First a rabbit hole, and now this.

An earthquake.

A bloody earthquake of all things, and the weirdest one to boot, with how Habanera is suddenly playing out of tune and the spotlight above us starts swinging like crazy.

"We don't have much time, so I need you to listen carefully."

I whirl around at the voice suddenly speaking urgently into my ear, and it's only then I realize the were-tiger is gone...and I'm all alone in a world of violent convulsions and rapidly fading light.

"This isn't your entryway, but you can still come back."

"I don't understand—-"

"And you must come back."

Lips I can't see brush against mine, and the invisible heat of it is as wildly jarring as it's startlingly poignant.

"You must come back for us, little Alice...or all shall be lost."

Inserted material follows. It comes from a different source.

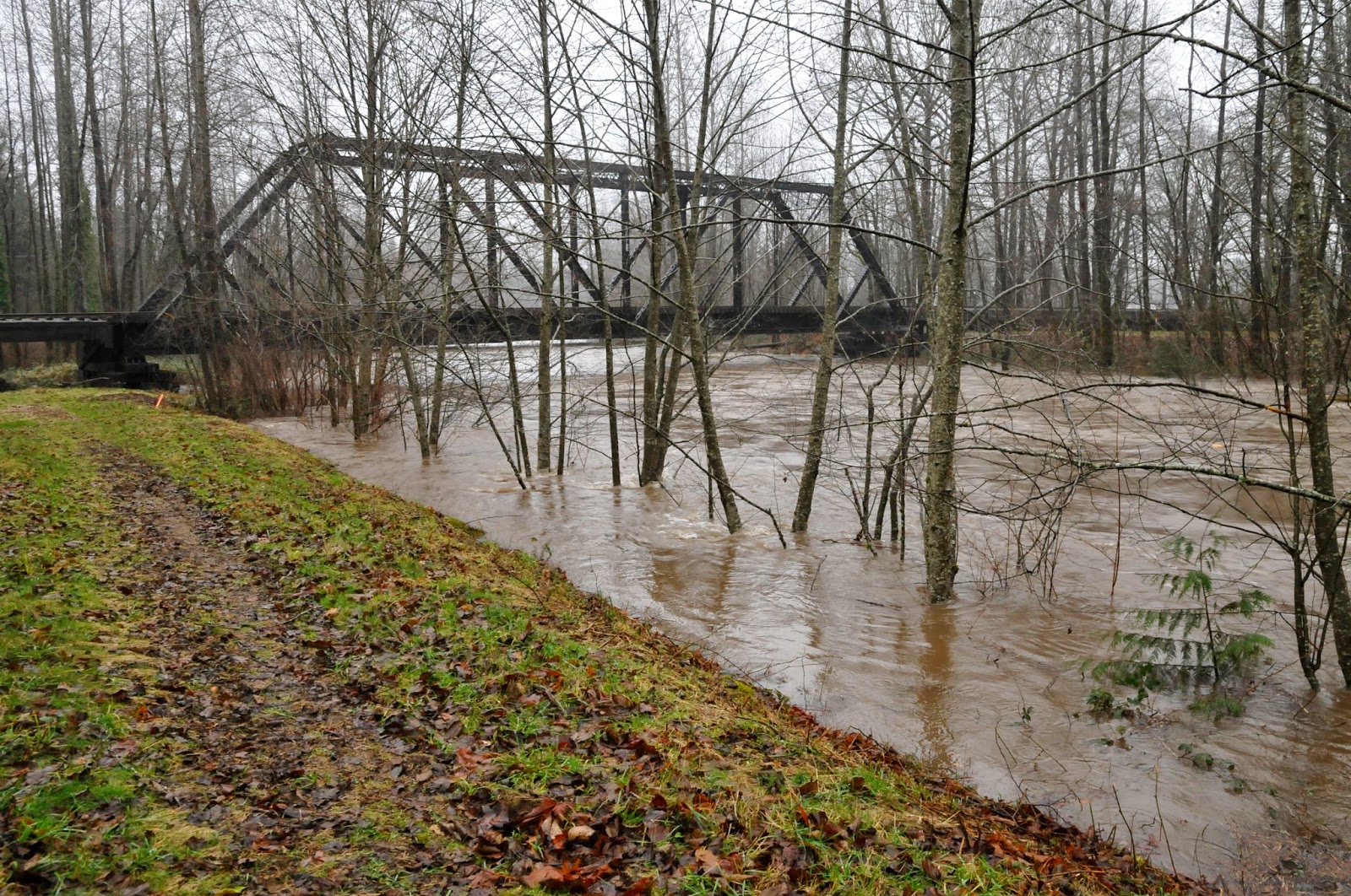 The floor reduction projects appear to have made a difference. Despite more than 51,000 cubic feet per second (normally it is about 2,000) of water flow over Snoqualmie Falls, there was no water over the track. There was some minor scouring around bridge 35 in North Bend, but no damage that requires repair at this time.

A hundred questions race in my mind, but the world has already turned upside down, and I start to fall.

Just falling and falling—-

Down, down, down.?? I must get back. ??I MUST GET BACK. I must. I must.

The words swirl around my brain like a foggy memory as I slowly drift back to consciousness. I open my eyes, and everything is blurry at first. It almost gives me hope, but as my vision gradually clears—-

Shit.

The first thing I see are my clothes. I'm no longer a cosplaying French maid, and it has me jerking up in clumsy haste. I look around me in a state of disbelief, and even though I know I'm just being foolish and stubborn, I try rubbing my eyes in hopes that what I'm seeing isn't real—-

But it is.

Everything around me is real.

Everything is normal.

Everything is exactly the way things should be, and it's bloody depressing.

No sinkhole-slash-rabbit-hole, no weird darkness, no Habanera playing in the background. Nothing but just your regular school storage room, with fluorescent lights glaring blindingly from the ceiling and utility racks groaning under the weight of an assortment of equipment and supplies.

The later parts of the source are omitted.